The story on a whole has good parts. It was better than good when reflecting on the entire thing. A decent set up, two men who shouldn't be together on paper but somehow are-- due to availability and a sexual chemistry. I don't mind closeted reads, but the anti-commitment MC's are my juice. I love them. Especially reading them turn into a pro-commitment fan. We don't get much reflection on the change from either men, especially from the stubborn one. I think the story could have gone deeper with both men, more so with Ben. I'm hoping it's because this is a duology and the second half is going to be bombastic. Or I'll just come back and rate this lower, once I read the second half.

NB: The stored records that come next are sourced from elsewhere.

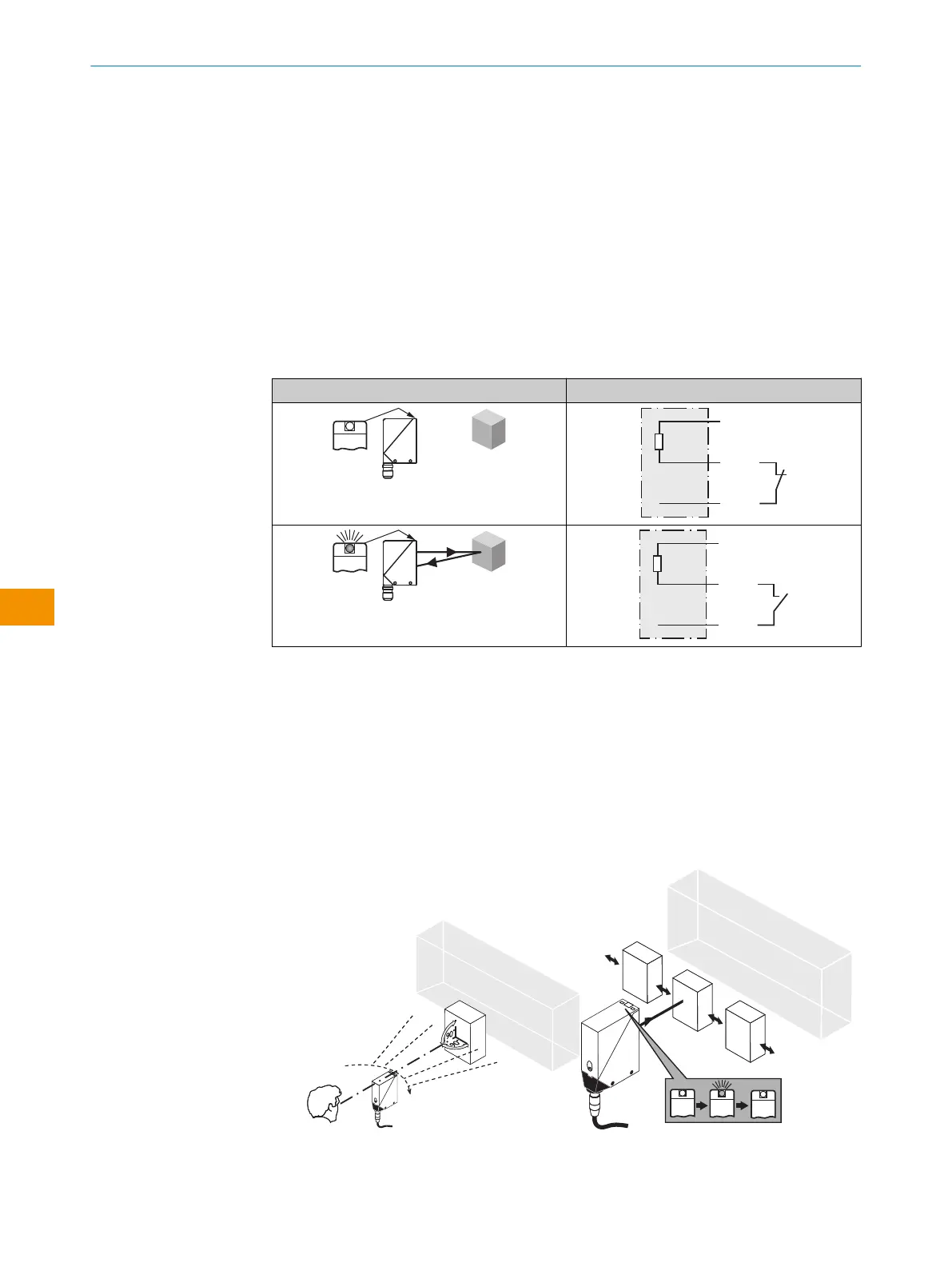 WT34-Xx1x, -Xx2x: aligner le capteur sur l’objet. Choisir la position de sorte que le faisceau
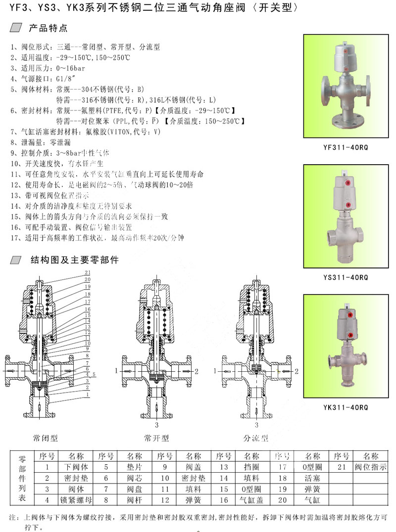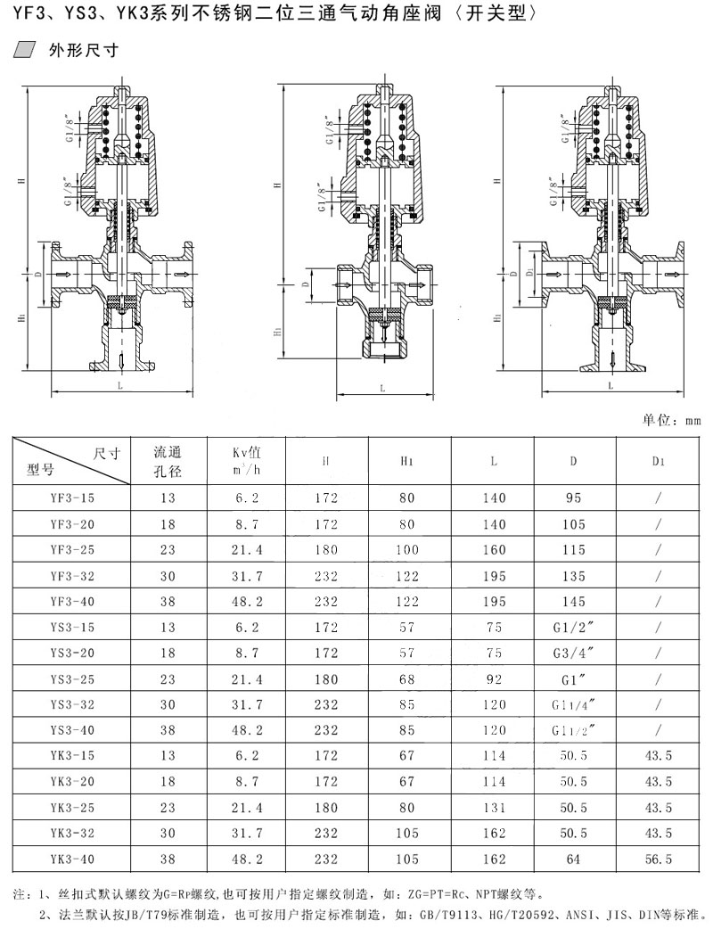 YF3-15,YF3-20,YS3-25,YS3-32,YK3-32,YK3-40,氣動角座閥
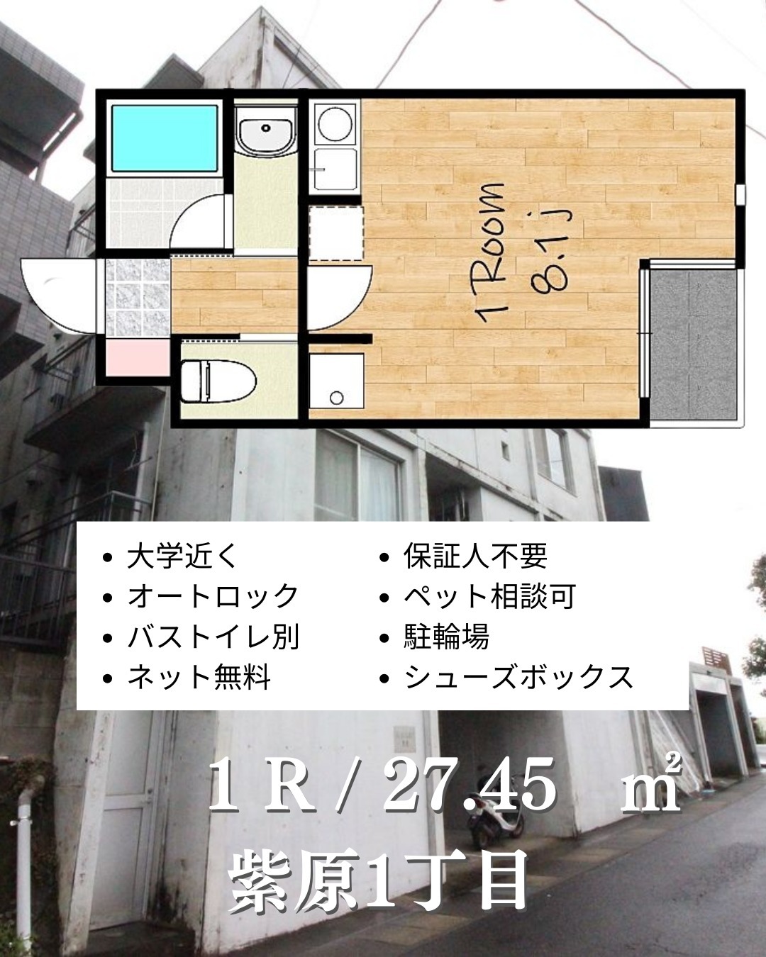 1R(洋室8.1) / 27.45㎡
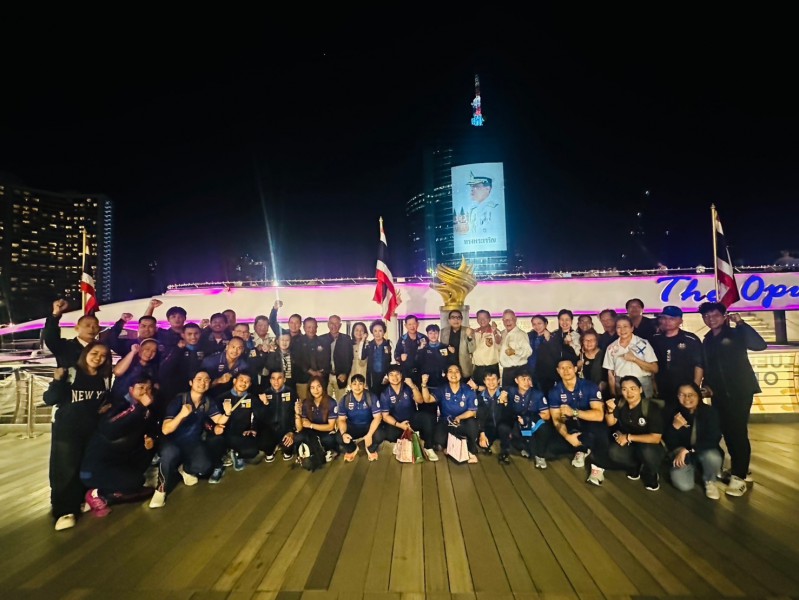 พลตรี อินทรัตน์ ยอดบางเตย นายกกิตติมศักดิ์ สมาคมกีฬายกน้ำหนักสมัครเล่นแห่งประเทศไทย, นางบุษบา ยอดบางเตย ประธานที่ปรึกษา สมาคมกีฬายกน้ำหนักฯ พร้อมด้วย คณะกรรมการบริหาร, เจ้าหน้าที่ประจำสำนักงาน, ผู้ฝึกสอน และนักกีฬายกน้ำหนักทีมชาติไทย ชุดมหกรรมกีฬาซีเกมส์ ครั้งที่ 33 ร่วมถ่ายภาพเป็นที่ระลึก ณ ท่าน้ำหน้าไอคอนสยาม เมื่อช่วงค่ำวันที่ 18 ธันวาคม 2568 หลังล่องเรือรับประทานอาหารค่ำ เพื่อฉลองชัยให้นักกีฬาที่ทำผลงานยอดเยี่ยมแข่งขันครบ 14 รุ่น คว้ามาได้ 9 เหรียญทอง, 2 เหรียญเงิน, 3 เหรียญทองแดง
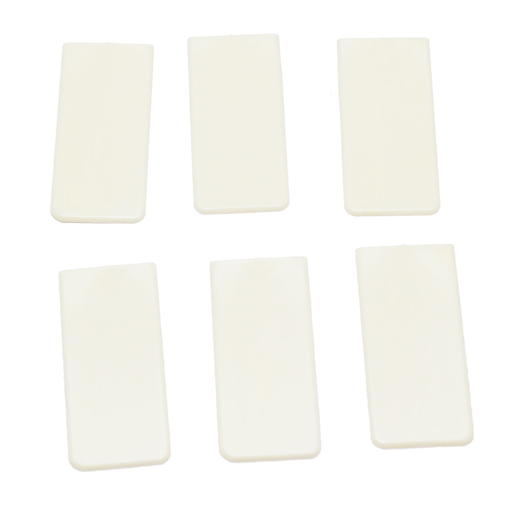 Set of 6 piano keytop heads. Available in a simulated ivory or light ivory finish, these keys are designed to be a close color match to most genuine ivory keytops. The simulated grain design mimics the look of real ivory.
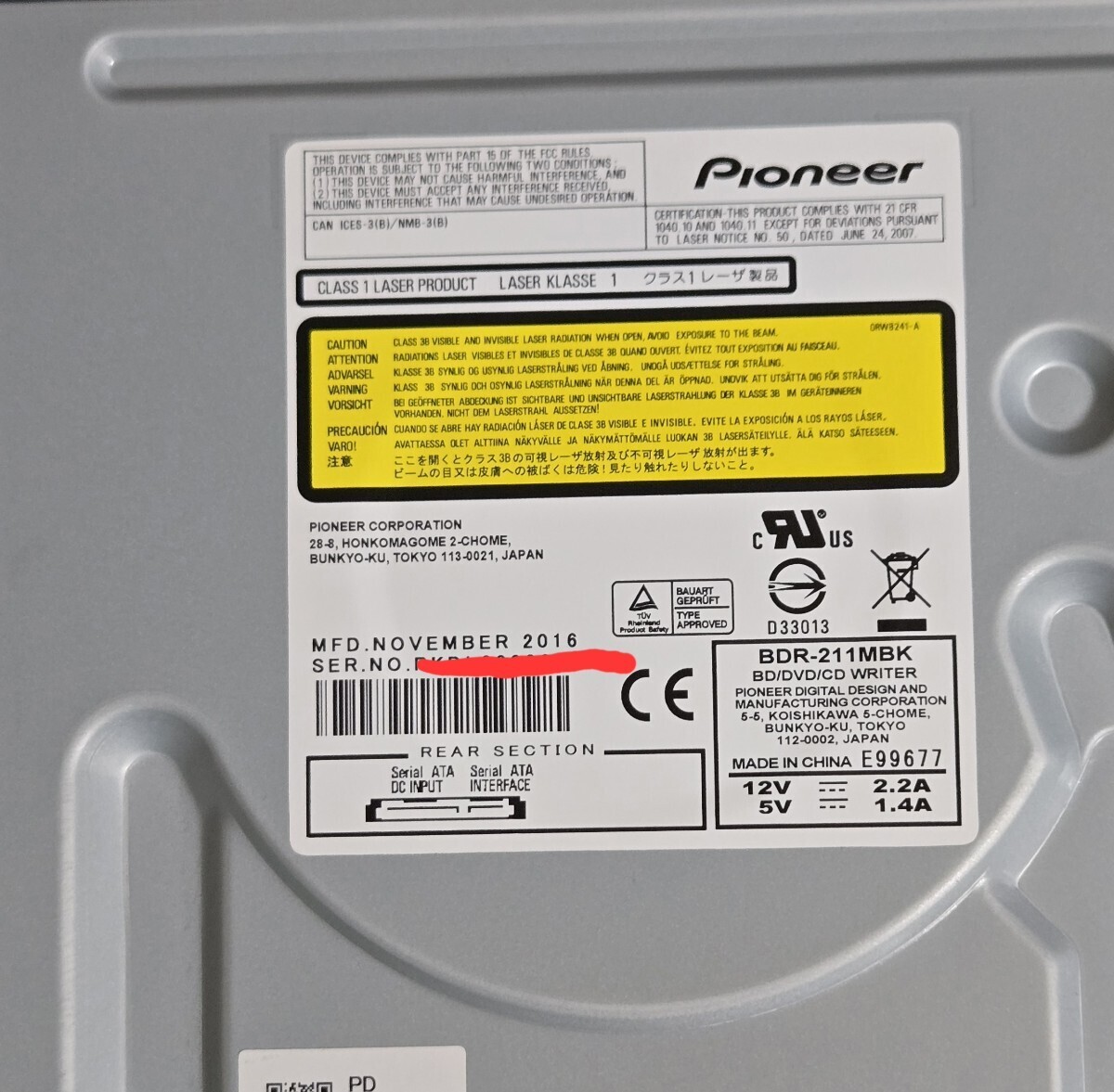 Pioneer Ultra HD Blu-ray BDXL ブルーレイディスクドライブ BDR-211MBK

I don't think this story hit it's full potential. There were awkward breaks, weird transitions into chapters or to different characters. And what I think my biggest gripe is if this story was supposed to be Erotica or Romance? I don't mind the two mixed, or separate. The erotica was spicy vanilla at best with role playing being the hardest kink (lol) James seemed naive for that. Maybe if he didn't have his background, I'd have had an easier time buying it. The guys start off slow, kind of lukewarm/medium heat. Then presto!

We're getting sentences like this:


"Hand jobs are well and good, but this time I'm not leaving without getting fucked."



Or even better:


"I thought you'd get back around now."
"Only just. Is anything wrong?"

 "Yeah. Your mouth's not around my cock."






That's a drawers dropper sentence. Mmmhmm I'm all for it!

Sometimes the erotic actions, words and role play kink, seemed at odds with the characters introduced. Erotically, the story works. Romantically...ehhhh...I guess?

I like Ben.

I like James.

Do I like Ben and James together? It's a hesitant yes. But a yes, nonetheless.




I wasn't invested until 75% into the story. Or really cared about the romance until 97%...

There were bursts of magic within.


"Nobody else ever got to me like this. Nobody ever. And nobody's going to get to me like this again. You got through my defense when on one else could, or can, or will. You're the only one I could ever have loved, the only man on this earth. I can't change it now. It's done. All I know is that if I walk away from you tonight, I'll spend the rest of my life...broken in two. Needing you. So I won't walk away."


I wish we got to know more of the person as the reader was inside their head when they made they decisions, to get a sense of their feelings.

 A plus on this novel's side? It didn't read like stereotypes or thinly veiled MF in a MM coating.


I'm pretty good at sniffing those out. And I'm happy to report that is not the case in His Royal Secret. #yay

Just dudes who placed strict boundaries on being fuck buddies and somehow broke their own rules because feelings became involved. [Just wish there was more attention paid on that detail of feelings, sharing more inside the character's head when it was their turn]




The story ends with a cliffhanger of sorts. But it's a soft cliffhanger, meaning it's a HFN with a promise of a HEA. But the stakes are too high not to read what the outcome is in the second book of this duology.

I'd read from this author again, to see how this all wraps up. I'm curious how it plays out for the royal and his lover.

A copy provided for an honest review via Netgalley.